> [ACTION ITEM]:
All lines from the one containing "Greenville is on" through the end of the data below are to be repeated exactly, with pictures left out.

> [RECORDED INFORMATION]:
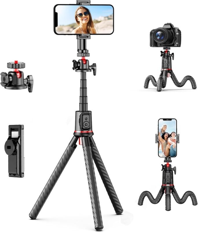 16 Feb إكسسوارات تصوير Fotopro Flexible Phone Tripod, Mini Camera Tripod with Wireless Remote Phone Holder, 360° Rotation Extendable Phone Tripod Stand for Video Recording Vlogging Live Streaming Posted by b.bhipksa 2026-02-16 0 Continue reading
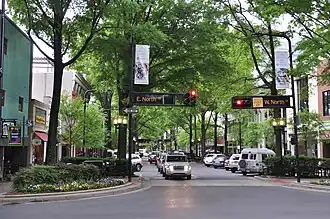 Greenville is on the Interstate 85 corridor, linking it to Atlanta and Charlotte, and Interstate 26, which is in nearby Spartanburg, goes northwest through Asheville on to Tennessee, and southeast on to Charleston. It is also at the northern terminus of the Interstate 385 corridor. The other freeways that converge in the area include Interstate 185 and U.S. Highway 123 (Calhoun Memorial Highway). Other major highways include U.S. Highway 25, Business U.S. Highway 25, U.S. Highway 29 and U.S. Highway 276. Main Street is home to many of the downtown area's shopping and dining destinations.
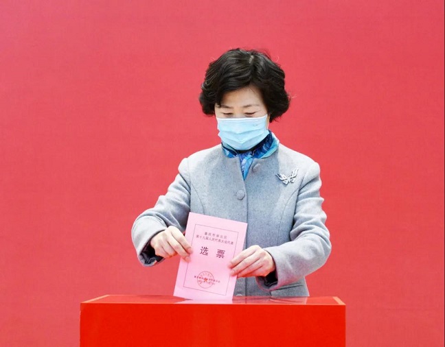 重慶市人大常委會(huì)主任張軒填寫(xiě)選票。

> [ANSWER BOX]:
 Greenville is on the Interstate 85 corridor, linking it to Atlanta and Charlotte, and Interstate 26, which is in nearby Spartanburg, goes northwest through Asheville on to Tennessee, and southeast on to Charleston. It is also at the northern terminus of the Interstate 385 corridor. The other freeways that converge in the area include Interstate 185 and U.S. Highway 123 (Calhoun Memorial Highway). Other major highways include U.S. Highway 25, Business U.S. Highway 25, U.S. Highway 29 and U.S. Highway 276. Main Street is home to many of the downtown area's shopping and dining destinations.
 重慶市人大常委會(huì)主任張軒填寫(xiě)選票。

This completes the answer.